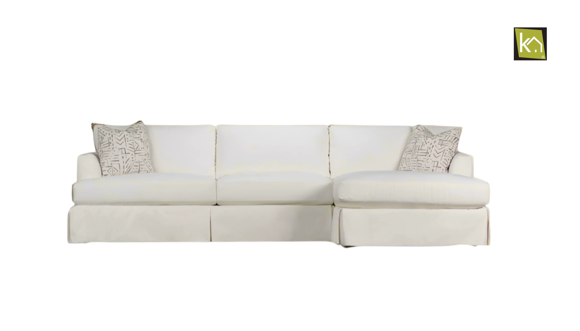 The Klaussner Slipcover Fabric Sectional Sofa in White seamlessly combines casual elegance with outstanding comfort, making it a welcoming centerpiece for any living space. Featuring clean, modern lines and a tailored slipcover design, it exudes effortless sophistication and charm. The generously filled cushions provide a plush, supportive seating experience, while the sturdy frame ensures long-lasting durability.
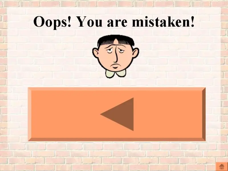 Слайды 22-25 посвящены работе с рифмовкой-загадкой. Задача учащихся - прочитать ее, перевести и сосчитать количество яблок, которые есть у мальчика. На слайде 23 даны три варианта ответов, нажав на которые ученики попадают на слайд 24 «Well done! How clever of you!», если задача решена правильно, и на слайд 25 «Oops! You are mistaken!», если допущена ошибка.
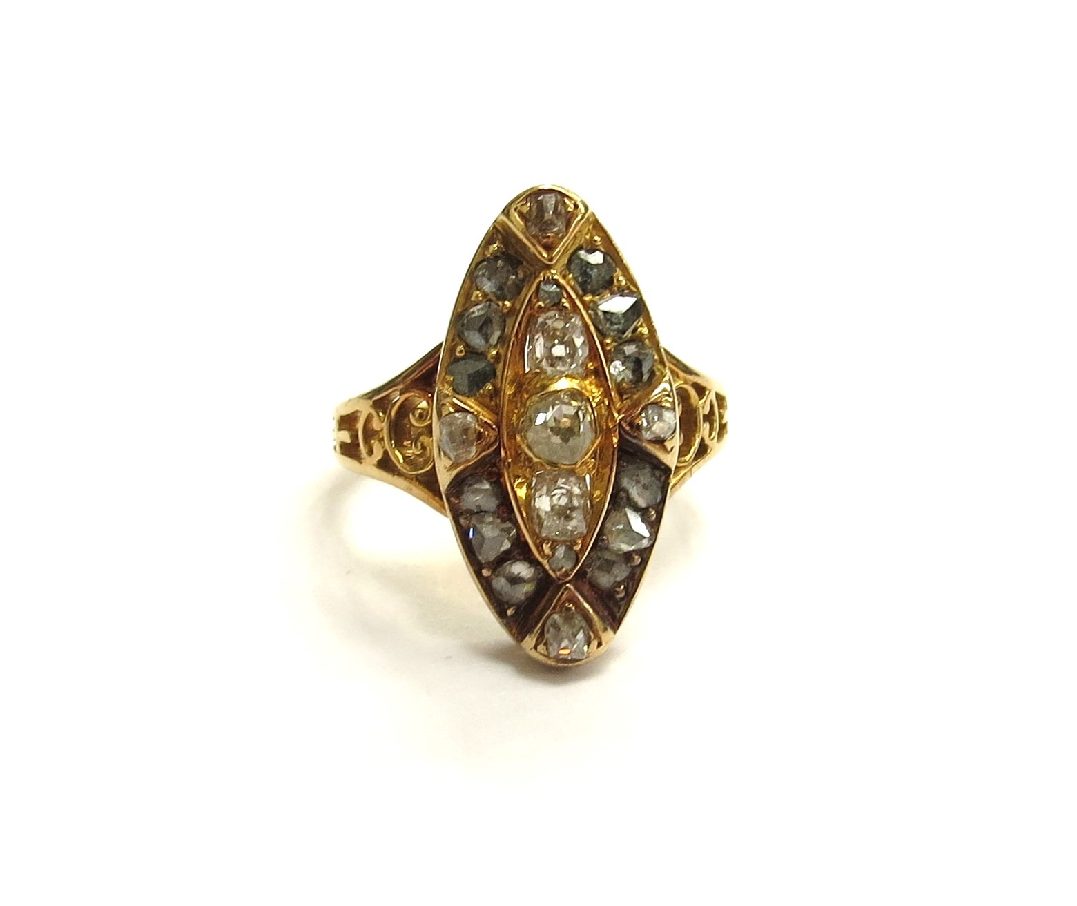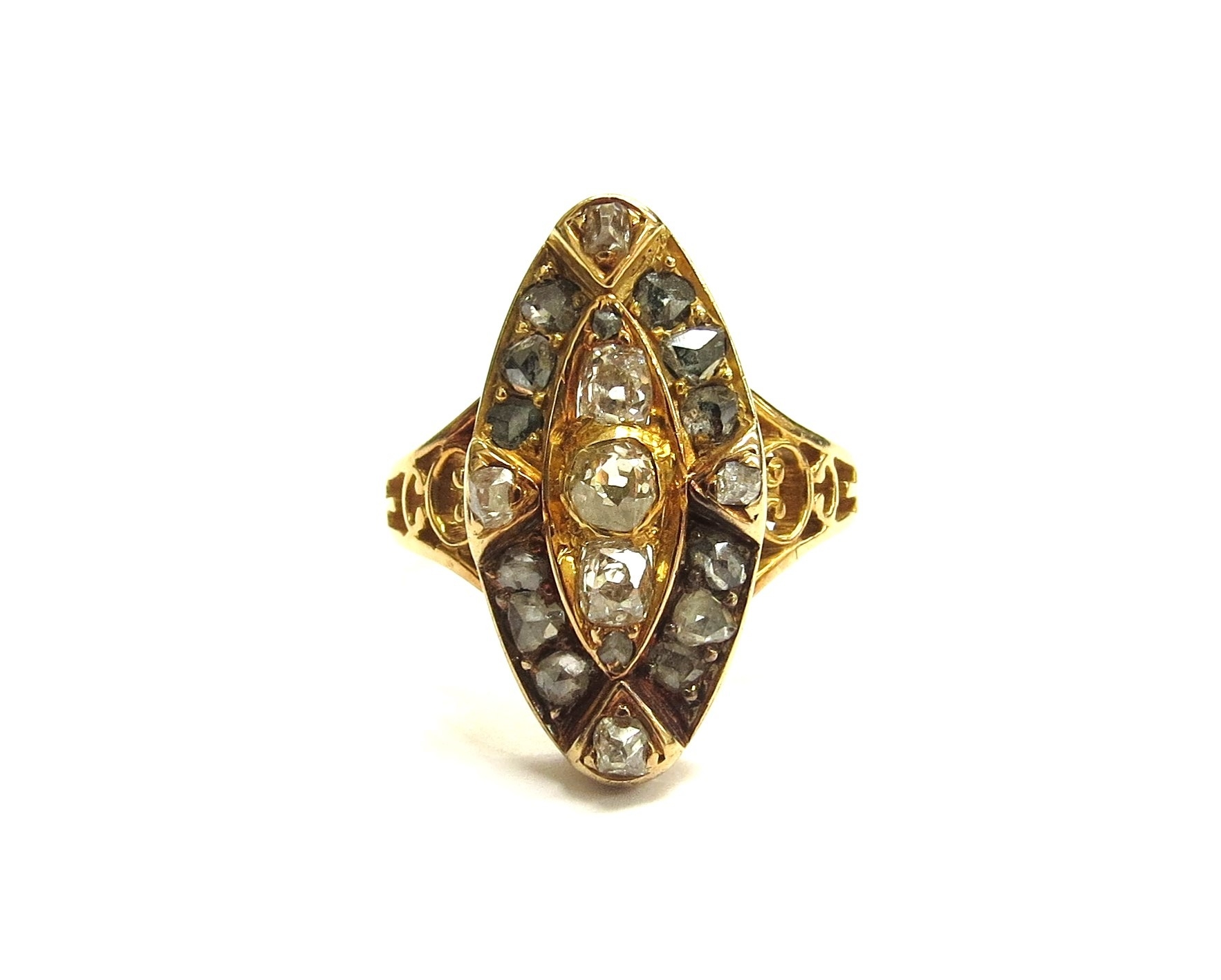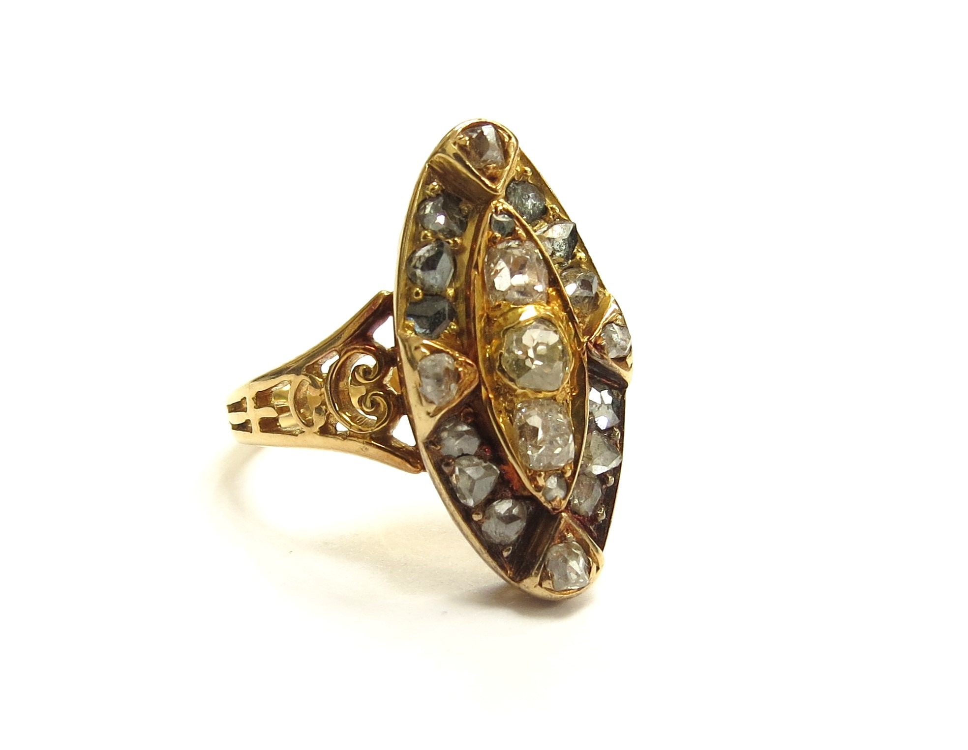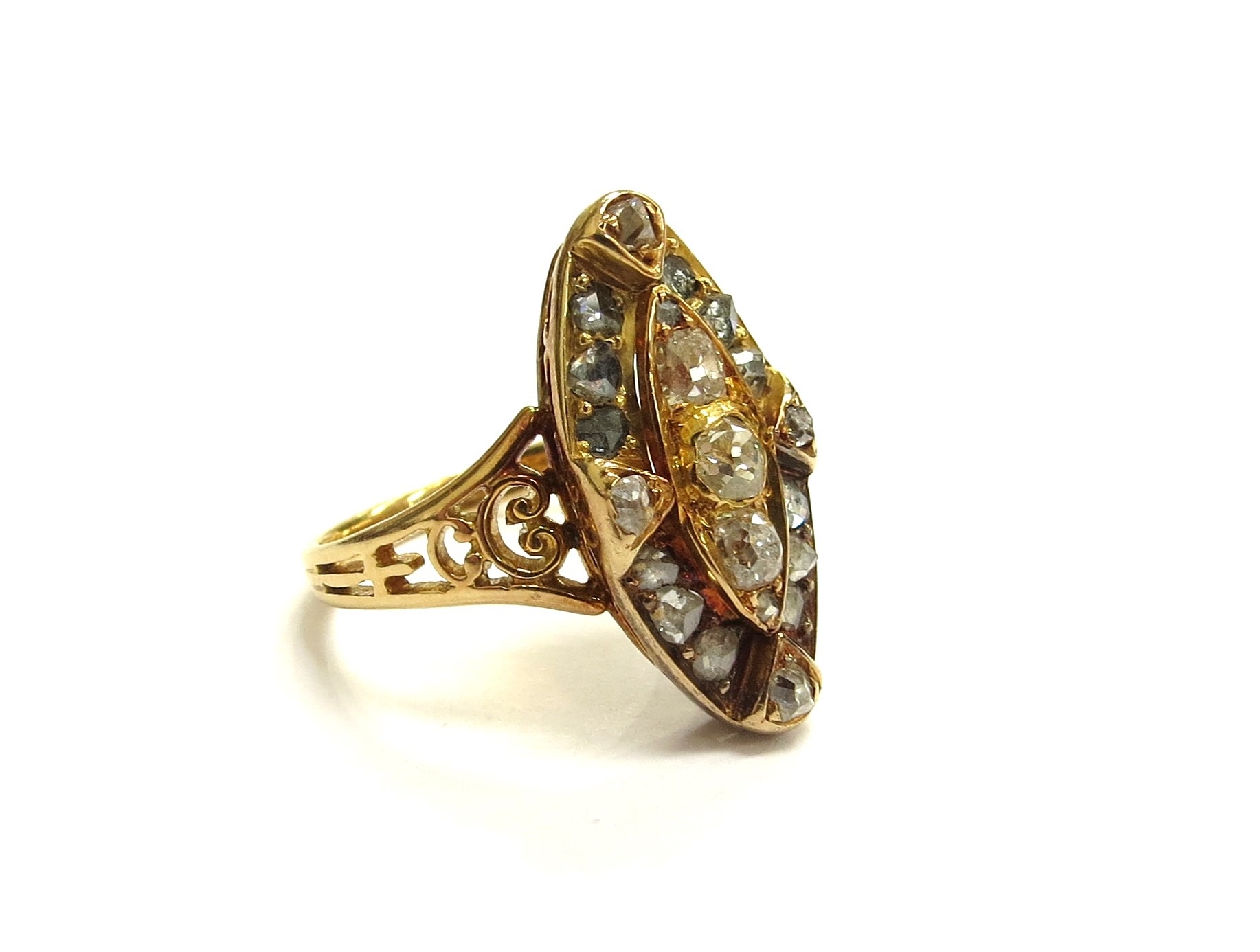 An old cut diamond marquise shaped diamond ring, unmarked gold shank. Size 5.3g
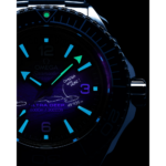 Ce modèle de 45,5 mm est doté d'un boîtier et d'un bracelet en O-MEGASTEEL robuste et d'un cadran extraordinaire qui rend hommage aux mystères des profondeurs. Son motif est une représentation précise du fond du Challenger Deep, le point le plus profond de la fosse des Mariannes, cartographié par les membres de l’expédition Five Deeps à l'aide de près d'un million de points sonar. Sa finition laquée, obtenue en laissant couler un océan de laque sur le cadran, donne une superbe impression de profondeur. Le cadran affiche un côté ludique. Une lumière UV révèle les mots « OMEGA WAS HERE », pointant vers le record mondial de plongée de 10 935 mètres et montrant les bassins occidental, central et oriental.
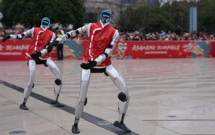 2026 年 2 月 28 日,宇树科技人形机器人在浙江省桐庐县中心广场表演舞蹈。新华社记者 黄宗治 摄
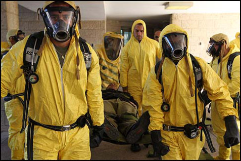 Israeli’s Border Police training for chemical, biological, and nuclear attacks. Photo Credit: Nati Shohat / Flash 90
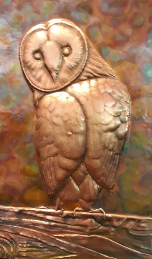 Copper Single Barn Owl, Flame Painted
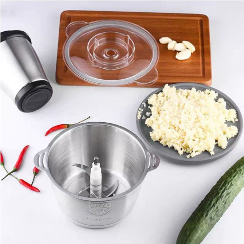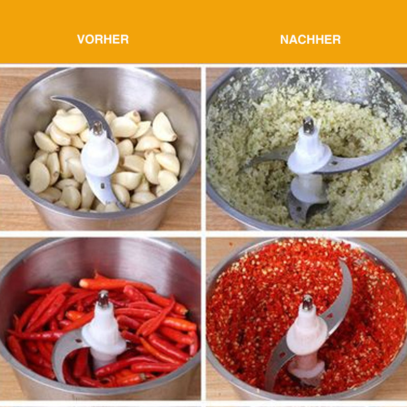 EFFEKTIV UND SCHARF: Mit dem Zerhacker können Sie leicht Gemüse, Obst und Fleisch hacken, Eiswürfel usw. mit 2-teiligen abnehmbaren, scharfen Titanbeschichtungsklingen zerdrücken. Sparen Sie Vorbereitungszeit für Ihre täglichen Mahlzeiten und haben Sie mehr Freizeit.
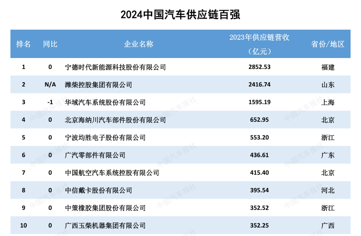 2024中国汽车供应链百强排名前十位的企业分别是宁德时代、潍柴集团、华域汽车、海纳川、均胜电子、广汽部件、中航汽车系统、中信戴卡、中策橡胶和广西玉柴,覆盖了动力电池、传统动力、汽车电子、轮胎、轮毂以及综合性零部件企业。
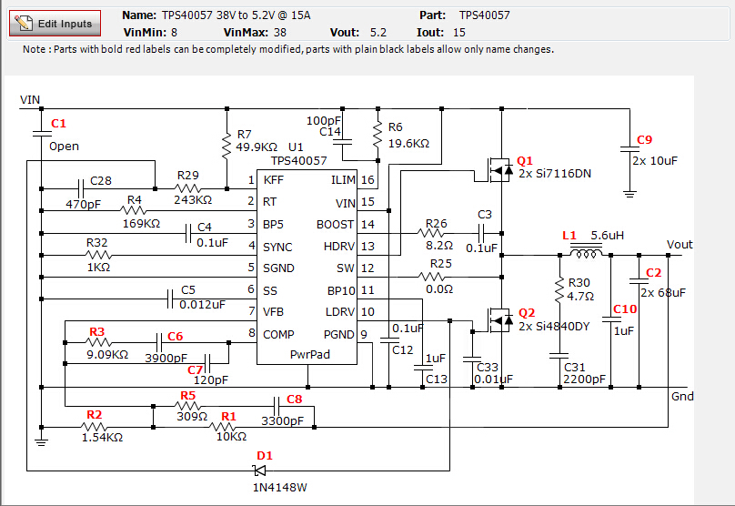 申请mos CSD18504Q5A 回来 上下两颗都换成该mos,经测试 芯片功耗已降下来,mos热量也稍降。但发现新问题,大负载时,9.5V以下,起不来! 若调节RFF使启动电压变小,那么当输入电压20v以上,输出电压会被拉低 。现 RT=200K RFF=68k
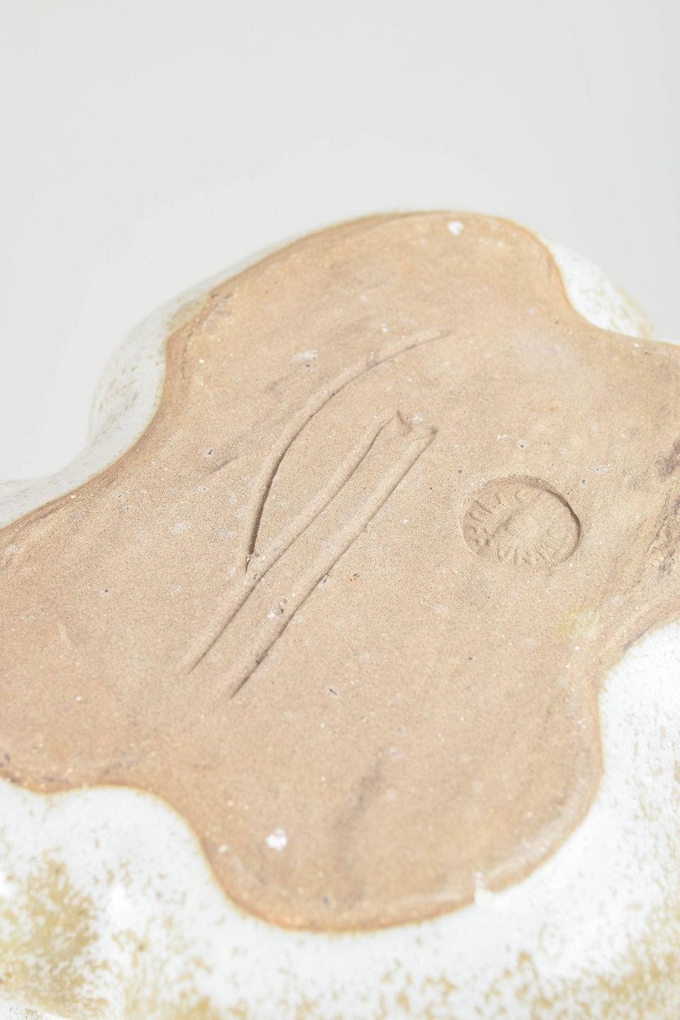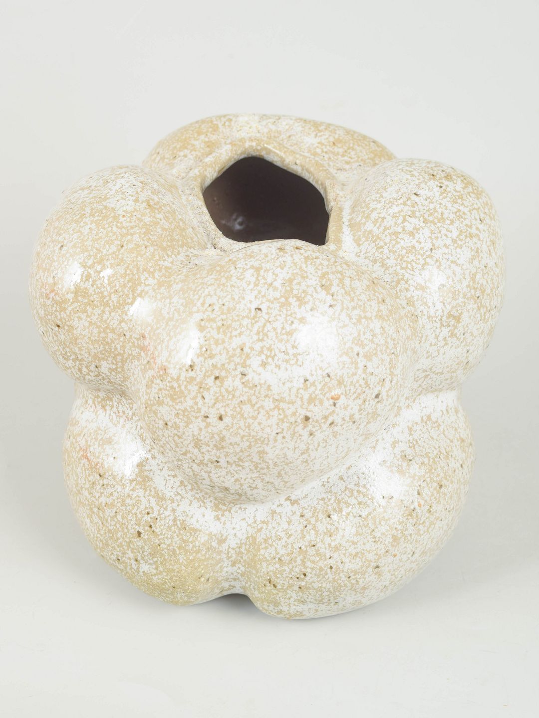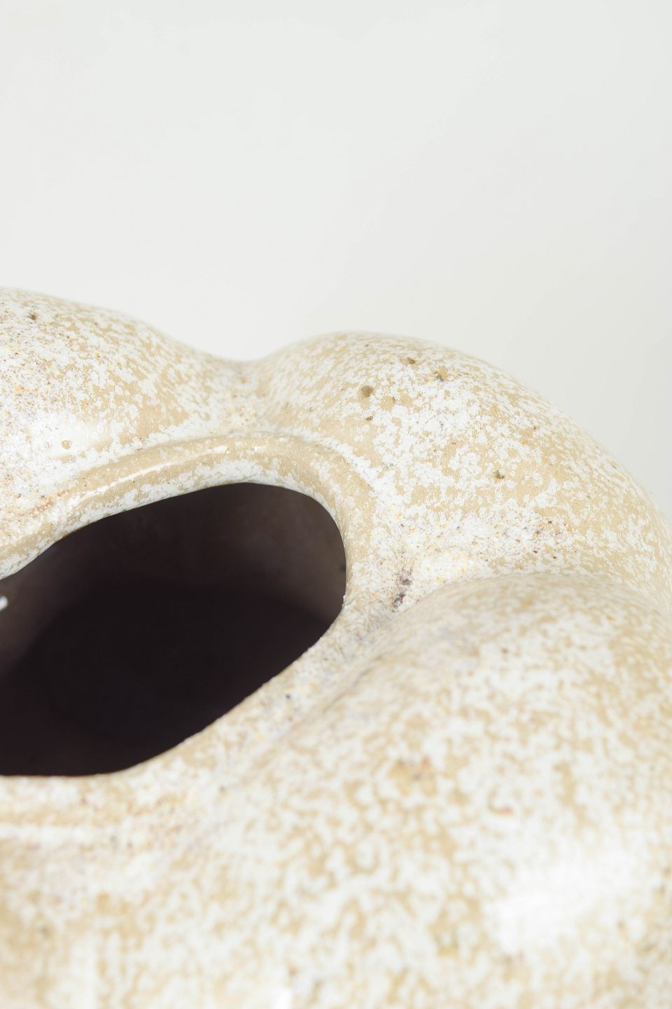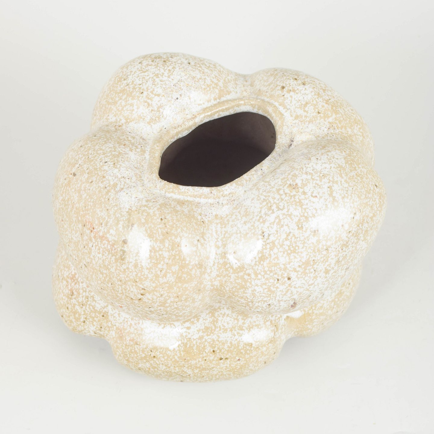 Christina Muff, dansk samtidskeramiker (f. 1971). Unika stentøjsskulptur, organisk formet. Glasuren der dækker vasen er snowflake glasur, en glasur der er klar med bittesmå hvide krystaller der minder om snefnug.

Action item: Word for word, retype all of the data above, but include no pictures.

Output for this task:
 The Klaussner Slipcover Fabric Sectional Sofa in White seamlessly combines casual elegance with outstanding comfort, making it a welcoming centerpiece for any living space. Featuring clean, modern lines and a tailored slipcover design, it exudes effortless sophistication and charm. The generously filled cushions provide a plush, supportive seating experience, while the sturdy frame ensures long-lasting durability.
 Слайды 22-25 посвящены работе с рифмовкой-загадкой. Задача учащихся - прочитать ее, перевести и сосчитать количество яблок, которые есть у мальчика. На слайде 23 даны три варианта ответов, нажав на которые ученики попадают на слайд 24 «Well done! How clever of you!», если задача решена правильно, и на слайд 25 «Oops! You are mistaken!», если допущена ошибка.
 An old cut diamond marquise shaped diamond ring, unmarked gold shank. Size 5.3g
 Ce modèle de 45,5 mm est doté d'un boîtier et d'un bracelet en O-MEGASTEEL robuste et d'un cadran extraordinaire qui rend hommage aux mystères des profondeurs. Son motif est une représentation précise du fond du Challenger Deep, le point le plus profond de la fosse des Mariannes, cartographié par les membres de l’expédition Five Deeps à l'aide de près d'un million de points sonar. Sa finition laquée, obtenue en laissant couler un océan de laque sur le cadran, donne une superbe impression de profondeur. Le cadran affiche un côté ludique. Une lumière UV révèle les mots « OMEGA WAS HERE », pointant vers le record mondial de plongée de 10 935 mètres et montrant les bassins occidental, central et oriental.
 2026 年 2 月 28 日,宇树科技人形机器人在浙江省桐庐县中心广场表演舞蹈。新华社记者 黄宗治 摄
 Israeli’s Border Police training for chemical, biological, and nuclear attacks. Photo Credit: Nati Shohat / Flash 90
 Copper Single Barn Owl, Flame Painted
 EFFEKTIV UND SCHARF: Mit dem Zerhacker können Sie leicht Gemüse, Obst und Fleisch hacken, Eiswürfel usw. mit 2-teiligen abnehmbaren, scharfen Titanbeschichtungsklingen zerdrücken. Sparen Sie Vorbereitungszeit für Ihre täglichen Mahlzeiten und haben Sie mehr Freizeit.
 2024中国汽车供应链百强排名前十位的企业分别是宁德时代、潍柴集团、华域汽车、海纳川、均胜电子、广汽部件、中航汽车系统、中信戴卡、中策橡胶和广西玉柴,覆盖了动力电池、传统动力、汽车电子、轮胎、轮毂以及综合性零部件企业。
 申请mos CSD18504Q5A 回来 上下两颗都换成该mos,经测试 芯片功耗已降下来,mos热量也稍降。但发现新问题,大负载时,9.5V以下,起不来! 若调节RFF使启动电压变小,那么当输入电压20v以上,输出电压会被拉低 。现 RT=200K RFF=68k
 Christina Muff, dansk samtidskeramiker (f. 1971). Unika stentøjsskulptur, organisk formet. Glasuren der dækker vasen er snowflake glasur, en glasur der er klar med bittesmå hvide krystaller der minder om snefnug.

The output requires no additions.